To be sure, the COVID-19 pandemic has been painful for patients and health care providers alike. Yet, throughout the crisis, many hospitals and other health care delivery organizations have been hotbeds of creativity and innovation, serving as a model for management going forward, according to a new article in the journal Health Affairs.

The article is co-authored by Yuna Lee, PhD, assistant professor of health policy and management at Columbia University Mailman School of Public Health, and Ingrid M. Nembhard, PhD, associate professor of health care management at the Wharton School of the University of Pennsylvania.

Traditionally, health care delivery organizations have been slow to generate new and useful ideas. And many promising ideas have stalled amid resistance to change and organizational constraints. COVID upended that culture. 

The authors write: “As organizations, their leaders, and their staff heroically stepped up to care for patients in unprecedented circumstances, creativity overflowed. Creative innovations and implementation strategies related to care delivery, operations and supply chain management, vaccine distribution, and other areas have saved lives, improved delivery and financing of care, and addressed critical challenges related to capacity, equipment, workforce, and vaccine shortages. Health care became an exemplar creative industry quickly.”

The article cites many examples of creativity, including how doctors and nurses creatively re-purposed split-respirators, baby monitors, snorkels, and hairdryer hoods for COVID-19 care; supply chain supervisors contacted laundromats and hardware stores to help maintain personal protective equipment; environmental services managers experimented with sanitizer placement and clever signage; and public health workers turned closed Sears stores into vaccine centers.

Some creativity was done in partnership with industry. For example, the Clorox Alliance provided grants to hospitals to research on safety and cleaning best practices for COVID-19 patient care, and Hewlett Packard donated 3-D printers to create personal protective equipment.

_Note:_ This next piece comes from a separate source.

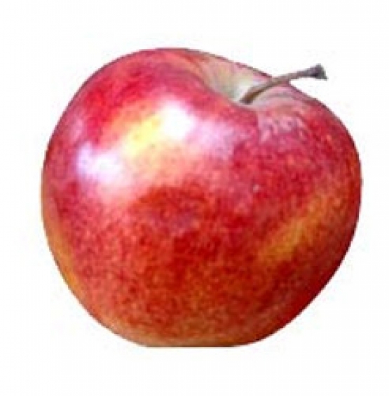 Owoc średniej wielkości do dużego, kulisto-stożkowaty, żebrowany przy kielichu. Skórka średniej grubości, gładka, lekko tłustawa, zielonożółta lub żółta, pokryta niemal w całości bardzo ciemnym, karminowobrązowawym, rozmyto-paskowanym rumieńcem z jeszcze ciemniejszymi paskami. Przetchlinki średniej wielkości (nieco większe i bardziej widoczne niż u Jonagolda), szarawe, niezbyt liczne. Szypułka średnio długa i średnio gruba. Zagłębienie szypułkowe średnio głębokie i średnio szerokie. Zagłębienie kielichowe średnio głębokie i średnio szerokie, nie ordzawione. Kielich średniej wielkości, zamknięty, działki kielicha średniej długości. Miąższ żółtawy, twardy, średnio zwięzły, soczysty, aromatyczny, słodkokwaskowaty, smaczny. Gniazdo nasienne małe lub średniej wielkości, lekko otwarte. Komory nasienne małe, częściowo otwarte. Nasiona długie i wąskie, często źle wykształcone.
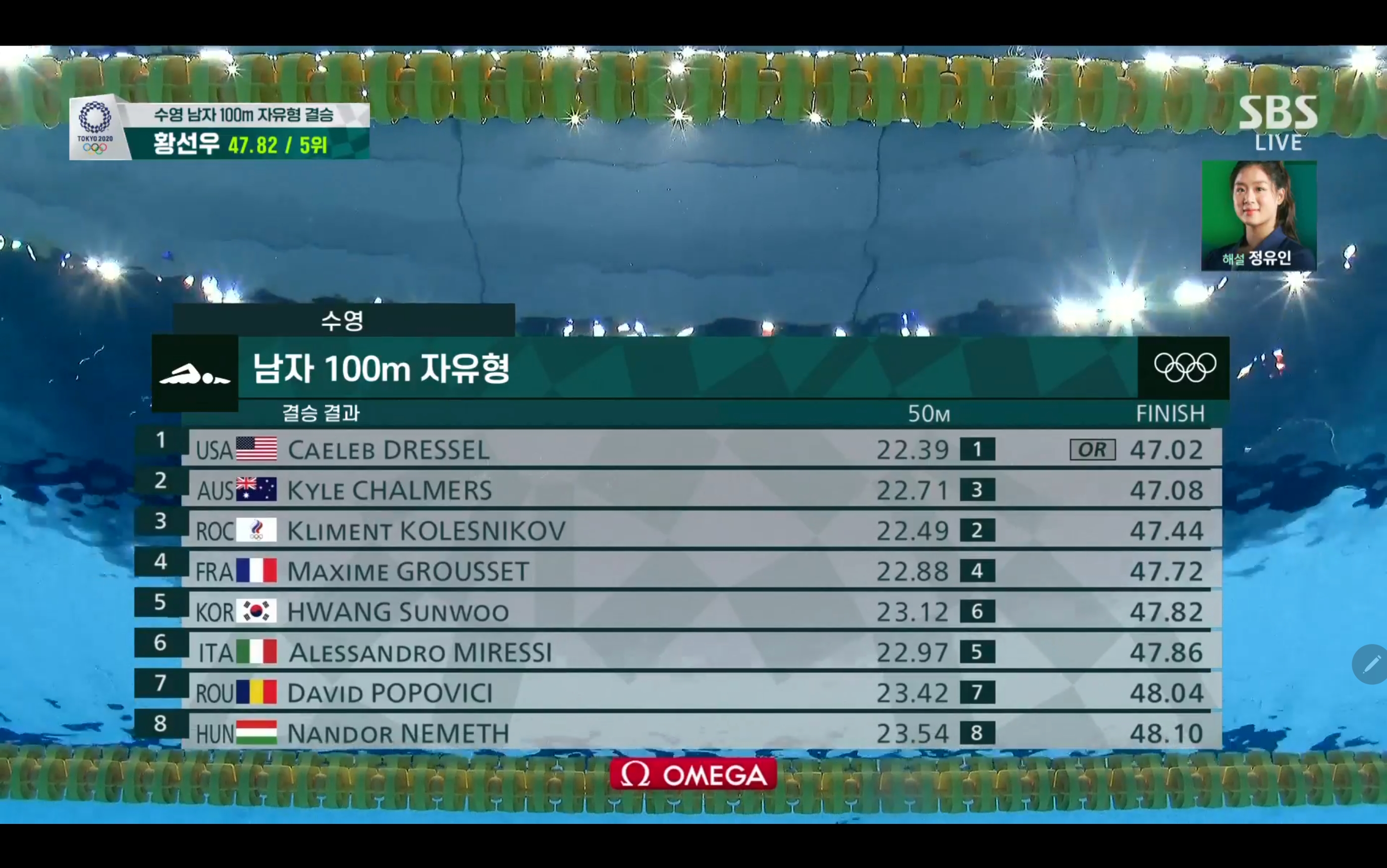 황선우 수영 남자 100m 자유형 결승 경기장면 첨부 선수소개

A number of innovations have already become standardized. For example, clear surgical masks to facilitate lip-reading and family inclusion in palliative care virtual discussions. Other innovations like telemedicine that were on a slow track to adoption are now widely available.

Some innovations extended beyond clinics and into vulnerable communities. For example, pop-up events and mobile vans to delivered testing and vaccines to Black, Latinx, and other underrepresented groups. Likewise, community partnerships facilitated home health services through vans, some with the ability to reach older adults with telehealth visits at home.

Going forward, the authors argue that health care organizations should continue to invite and invest in creativity.

Says Lee: “While COVID-19 brought much devastation, it also showed the power of creativity and creative potential of the industry to address serious problems. That lesson is something that should not be lost.”